The growth of ‘workplace co-ordinators’ in the US shows just how far tech companies are willing to go to attract the right people.
A new report from the Wall Street Journal has shed new light on a brand new industry within an industry, ‘perk managers’.
With staff retention key amongst tech companies all over the world, going the extra yard in more and more facets of employees’ lives is clearly key.
“We are just providing basic standards,” says Jen Nguyen, head of workplace at Pinterest in the US. Offering free food and obscure activities are a big part of what it takes to keep Pinterest’s roughly 450 employees productive and happy, she adds.
What’s eye-catching about the report, though, is Wall Street Journal claims that tech companies say it’s “hard to avoid creating at least one full-time position devoted to the pursuit of worker happiness once a company hires about 100 employees.”
Snow parties, DNA tests and computer décor budgets
US companies are becoming experts at these add-ons, with one (Asana) offering a US$10,000-per-person allowance for computers and desk décor. Others offer free travel, food, healthcare etc. While one company plans a whiskey tasting event, another hires a snow maker to fill a basketball court for an employee celebration.
Google even offers free DNA tests to employees with cancer, while Apple and Facebook cover the cost of egg freezing for female employees. Indeed the comparisons between major companies, with regards their perks, can clearly influence a prospective employee’s decision.
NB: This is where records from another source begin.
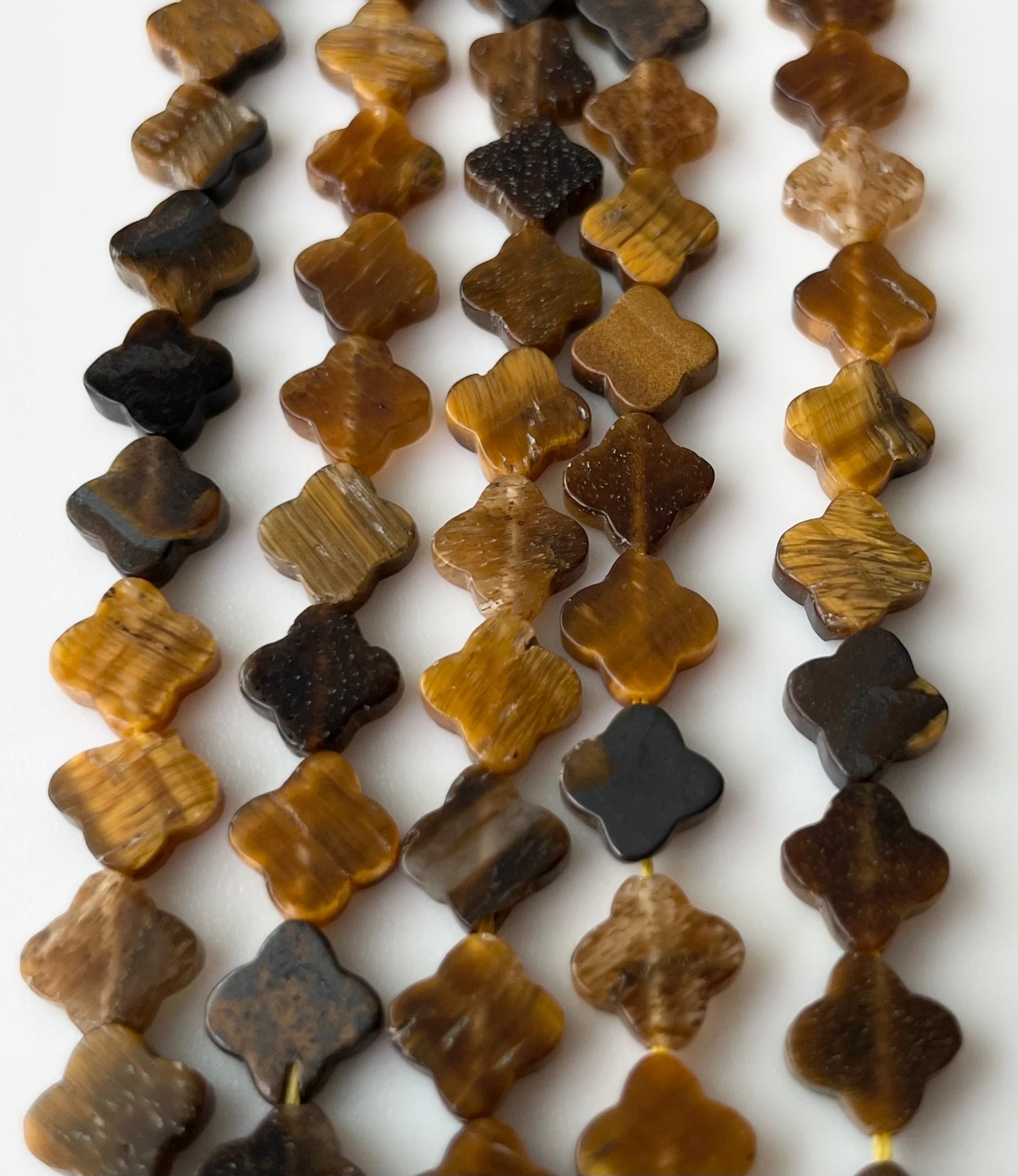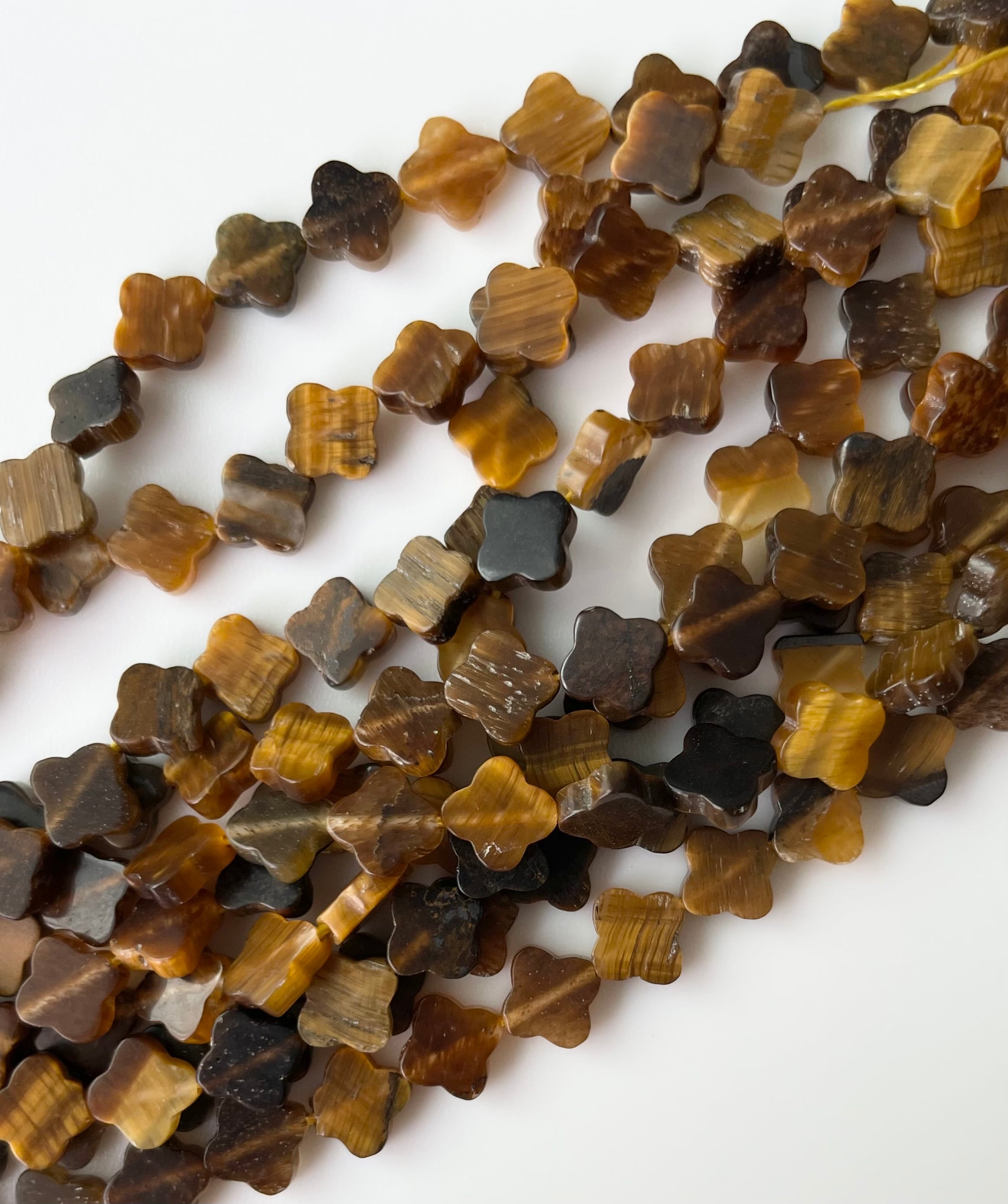 天然石ビーズ タイガーアイ 小粒クローバー型 約6mm 1連37cm
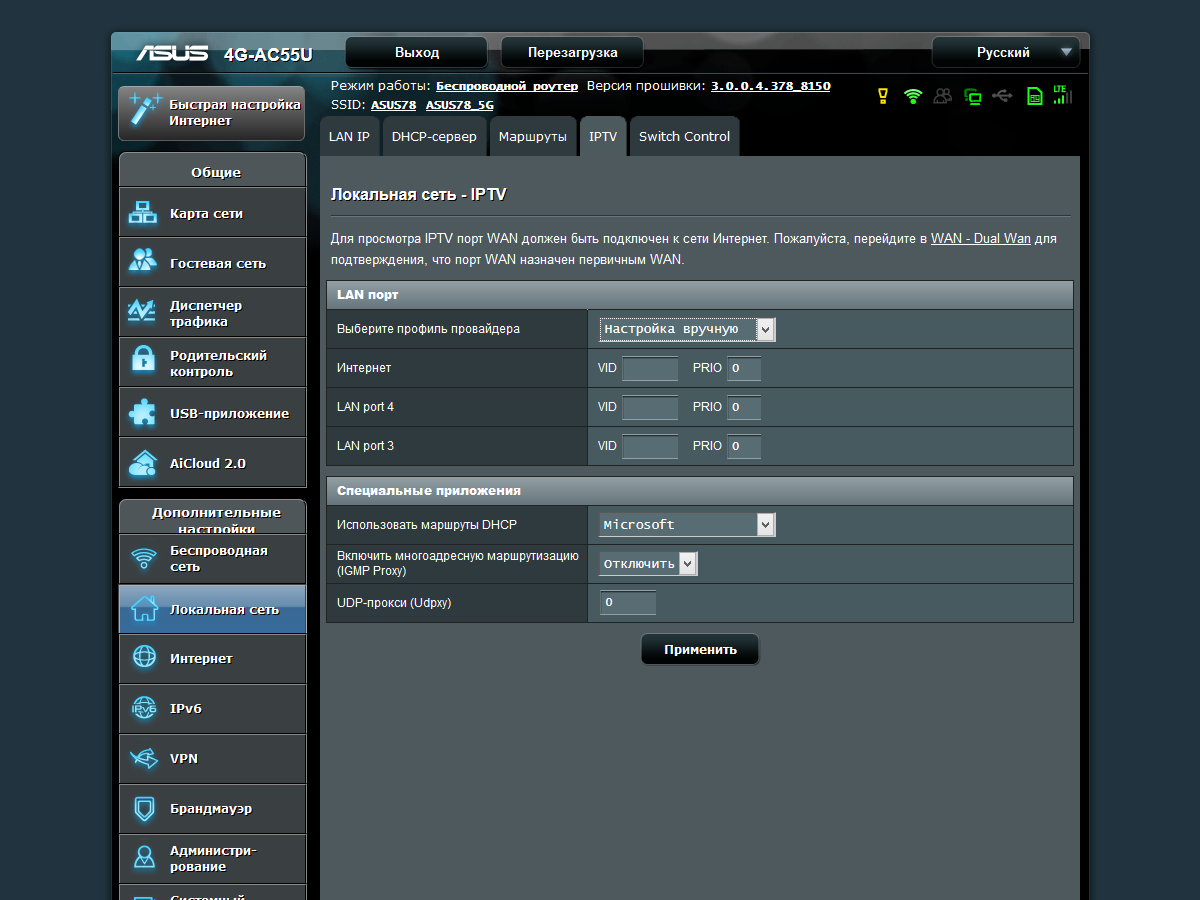 Для реализации работы с IPTV предусмотрено выделение одного или двух физических портов для приставок, работа с тегами VLAN, реализация IGMP, сервис udpxy. Как обычно, присутствуют опции по добавлению собственных записей в таблицу маршрутизации, поддержка протокола IPv6, клиент DDNS на несколько сервисов и NAT Passthrough для некоторых популярных протоколов.
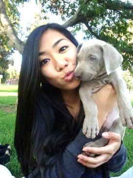 LooK! It's a Weimaraner puppy! He is 6 weeks old, grey, and has BLUE EYES! Damn this puppy grows up fast! He's so lazy too! LOL David should name it SLEEPY HEAD! Every time it's laying on your arm it just falls asleep! xD HAHA I think it only looks cute when it's a puppy. ^_^
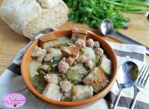 Oggi vi propongo una minestra tipica a base di verdura, pane, carne e formaggio. Secondo tradizione a Cosenza, viene servita il giorno di Santo Stefano o alla vigilia di Capodanno. Ovviamente dovrebbe essere una portata con la quale depurarsi ma la consistenza del piatto non lo prevede benché potrebbe essere un piatto molto ricco e completo.
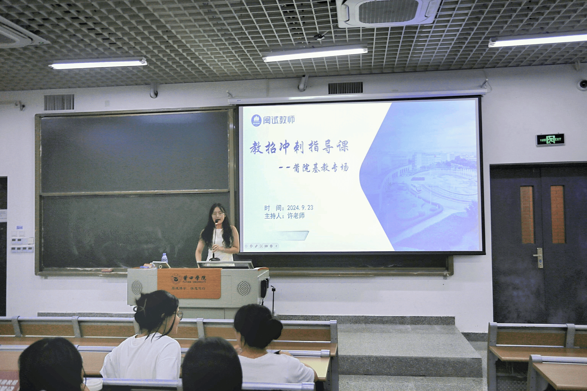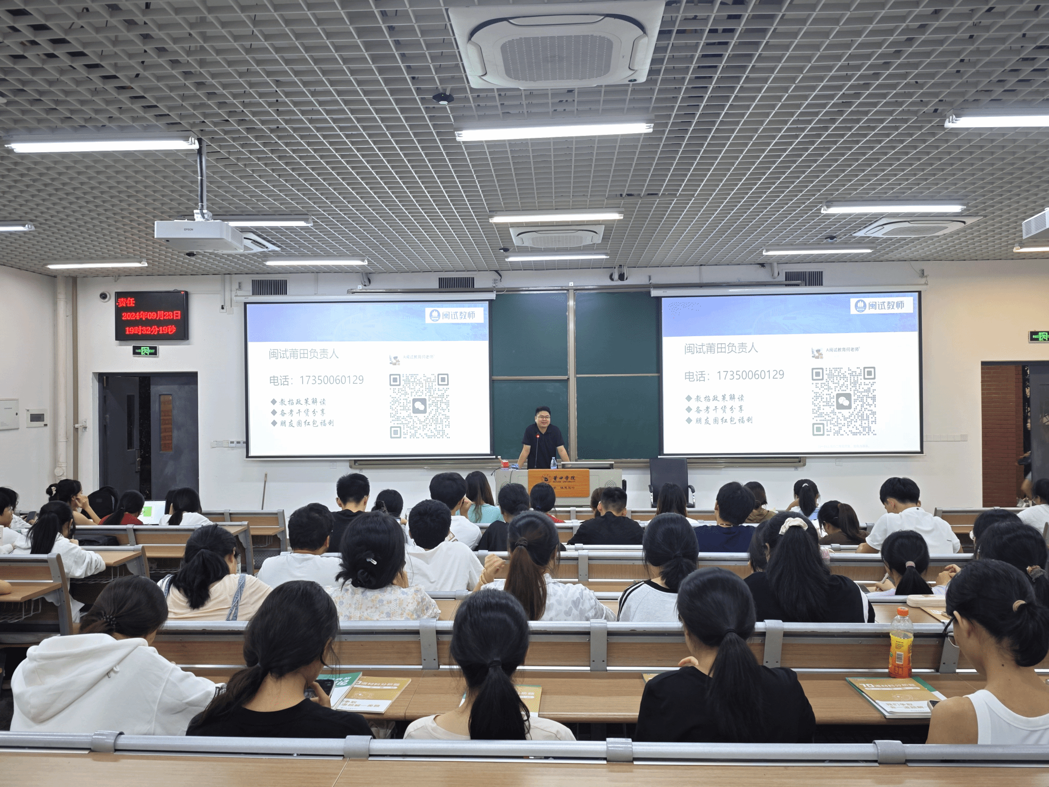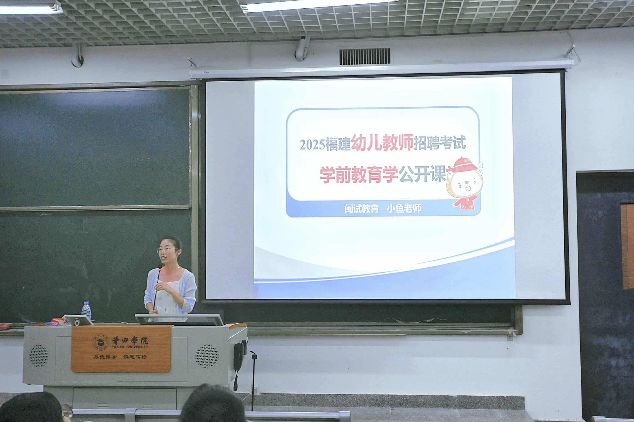 为帮助2023届、2024届学生了解近年来教师招聘考试的形势和要求,掌握基本备考技巧,提高毕业生参加教师招聘考试的应试能力和成功几率,促进毕业生实现高质量充分就业,9月23日晚上,莆田学院基础教育学院于中7明道楼举办2024年教师招聘备考指导讲座。本次讲座邀请了闽试教育教研中心主任、教招备考指导专家唐老师作为主讲人,共计200余名学生聆听了本次公开课。
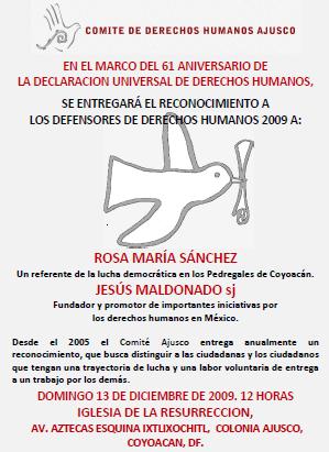 Reconocimiento 2009. comiteajusco30 noviembre 200930 noviembre 2009Eventos de promoción de los Derechos Humanos del CDHAjusco, Información sobre derechos humanos Navegación de entradas AnteriorSiguiente Comparte esto: Compartir en X (Se abre en una ventana nueva) X Comparte en Facebook (Se abre en una ventana nueva) Facebook Me gusta Cargando... Relacionado
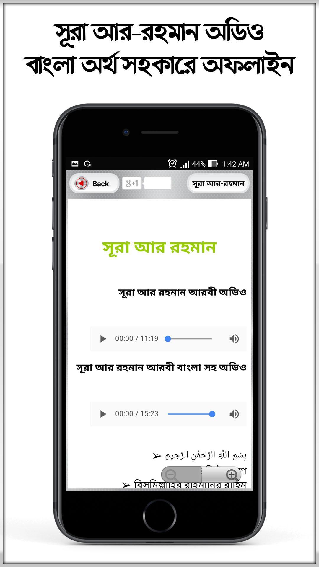 surah rahman learning is very much important for all muslim. surah rahman bangla translation will teach you what is said there. Surah Rahman is so beautiful. surah rahman audio listen in offline without internet connection. Also you will listen surah rahman bangla tarjama. Hope you like surah ar rahman mp3 with bangla application.
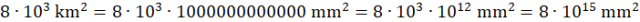 Aby zamienić km2 na mm2, ilość mm2, pomnóż przez 1 000 000 000 000 (ponieważ 1 km = 1 000 000 mm, a więc 1 km
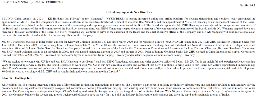 貝殼發佈公告顯示,8月12日宣佈任命CFO徐濤為該公司董事會執行董事,任命前高盛中國投資銀行業務聯席主管朱寒松為董事會獨立董事,並擔任董事會薪酬委員會成員及董事會審核委員會成員。
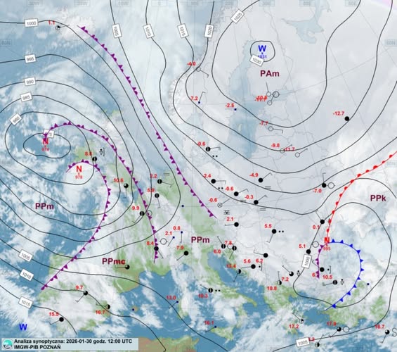 Sobotnia temperatura maksymalna została osiągnięta już po północy. Na termometrach zobaczymy średnio od -4 do -6 stopni. Wraz z upływem czasu będzie postępował spływ arktycznego powietrza, przez co podczas nocy z piątku na sobotę będzie cieplej niż podczas sobotniego popołudnia.
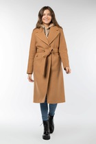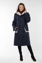 Пальто женское современного покроя, на подкладке, с центральной бортовой застёжкой на три петли и металлические пуговицы, с пиджачным воротником. На полочках обработаны карманы с клаанами и фигурные подрезы. Спинка со средним швом и фигурными подрезами. пальто демисезонное свободного покроя. очень современное и комфортное для модниц.
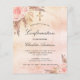 バラ金ゴールド、赤面ピンクの素朴なメタリックフェイクな背景を探す。バラ飾金ゴールドとピンクの花模様、バラ、パンパスグラスと黄金の十字架。名前と詳細のパーソナライズおよび追加
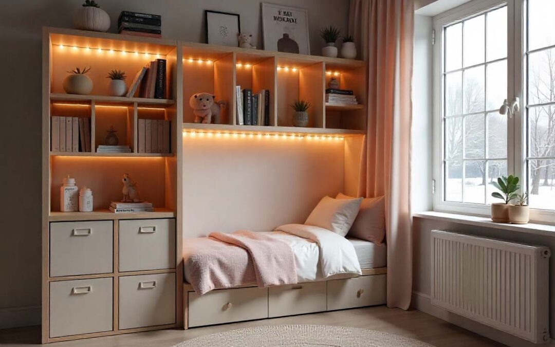 W małym wnętrzu światło odgrywa kluczową rolę. Główne źródło światła powinno być jasne, ale warto też zadbać o dodatkowe punkty – lampki nocne, kinkiety czy lampki LED przy łóżku. Ciepłe światło buduje przytulną atmosferę, a jednocześnie ułatwia dziecku zasypianie.

“If you had asked me five years ago, I never would have known this existed in a job description,” says Layla Baird, who works in Nguyen’s team at Pinterest. Shutterstock’s Razia Ferdousi-Meyer says her responsibility “to know who likes the Kind bars, who likes the potato chips, who likes the coconut water” feels like her previous job as a guest-relations coordinator at a Ritz-Carlton hotel.
What seems to have happened is the relentless race to peak perk means that, now that everyone is on board, it’s difficult to stop. If funding retracts and the perks are in line for the chop, how will that look to current and prospective employees?
Also, as the perk culture evolves, staff will start asking for weirder and weirder things. A Pinterest employee asked the company to build a zip line to a nearby bar, while an Adobe staff member wanted a Slip ’N Slide for workday use. The zip line got a no, according to the Wall Street Journal, but the Slip ‘N Slide has not yet been ruled out.
Indeed the growth of the industry as a whole has seen smaller, complementary businesses getting in on the act too, but it’s fair to ask when all this will stop?